Created 02-07-2017 10:45 AM
Hi.
I’m asking this way because we imported data from Teradata to HDFS with Sqoop. I found many examples in the internet how to do it. It works an everything seems to be ok. I used the –as-avrodatafile command and also know where to find the .avsc file.
But now I am trying to export the same data back to my Teradata Table. I found many examples how to use the export in Sqoop to export .csv files. I was successful in exporting these files to teradata. But I couldn’t find anywhere how you can do it if you have avro files.
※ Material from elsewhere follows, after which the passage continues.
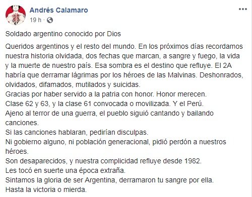 En medio de homenajes y reconocimientos, Andrés Calamaro publicó una emotiva carta la cual tituló “Soldado argentino conocido por Dios”, frase que aun se lee en las lápidas de miles de combatientes que murieron durante la guerra y cuyos restos sin ser identificados descansan en el Cementerio de Darwin, en la isla Soledad.
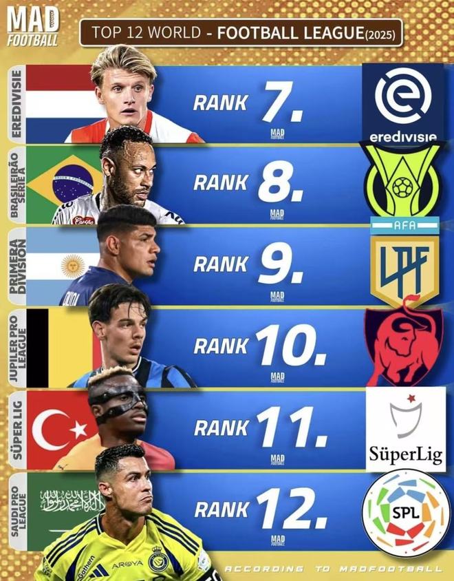 - 2025世界聯(lián)賽榜單引熱議:沙特聯(lián)賽躋身前12全靠C羅等球星硬撐

Can anyone give me some help, for example a link to a tutorial or a code example?
Created 02-08-2017 02:52 AM
Interesting question, I should try it out. That said if you can't figure out on your own or won't get other responses, then try creating a hive schema on top of your avro files, then run the following statement in hive to create a new table in orc or text format from your original avro table. Then you should be able to find examples of exporting with sqoop from orc or text
create table newtable as select * from avrotable
--sample avro backed hive table CREATE DATABASE DEMO; USE DEMO; CREATE EXTERNAL TABLE mailinglist COMMENT "just drop the schema right into the HQL" ROW FORMAT SERDE 'org.apache.hadoop.hive.serde2.avro.AvroSerDe' STORED AS INPUTFORMAT 'org.apache.hadoop.hive.ql.io.avro.AvroContainerInputFormat' OUTPUTFORMAT 'org.apache.hadoop.hive.ql.io.avro.AvroContainerOutputFormat' LOCATION '/tmp/rdbms' TBLPROPERTIES ( 'avro.schema.literal'='{ "type": "record", "name": "mailinglist", "namespace": "any.data", "fields": [ { "name": "id", "type": [ "null", "int" ] }, { "name": "first_name", "type": [ "null", "string" ] }, { "name": "last_name", "type": [ "null", "string" ] }, { "name": "email", "type": [ "null", "string" ] }, { "name": "gender", "type": [ "null", "string" ] } ] }');
Created 02-08-2017 02:52 AM
Interesting question, I should try it out. That said if you can't figure out on your own or won't get other responses, then try creating a hive schema on top of your avro files, then run the following statement in hive to create a new table in orc or text format from your original avro table. Then you should be able to find examples of exporting with sqoop from orc or text
create table newtable as select * from avrotable
--sample avro backed hive table CREATE DATABASE DEMO; USE DEMO; CREATE EXTERNAL TABLE mailinglist COMMENT "just drop the schema right into the HQL" ROW FORMAT SERDE 'org.apache.hadoop.hive.serde2.avro.AvroSerDe' STORED AS INPUTFORMAT 'org.apache.hadoop.hive.ql.io.avro.AvroContainerInputFormat' OUTPUTFORMAT 'org.apache.hadoop.hive.ql.io.avro.AvroContainerOutputFormat' LOCATION '/tmp/rdbms' TBLPROPERTIES ( 'avro.schema.literal'='{ "type": "record", "name": "mailinglist", "namespace": "any.data", "fields": [ { "name": "id", "type": [ "null", "int" ] }, { "name": "first_name", "type": [ "null", "string" ] }, { "name": "last_name", "type": [ "null", "string" ] }, { "name": "email", "type": [ "null", "string" ] }, { "name": "gender", "type": [ "null", "string" ] } ] }');
Created 02-08-2017 08:45 AM
Thank you Artem!
I think it is a good idea to do it this way, if there is no other possibility. We use the avro files as backup before we update the data on Teradata. If we just need some information, we can do it with the hive schema on top of the avro files.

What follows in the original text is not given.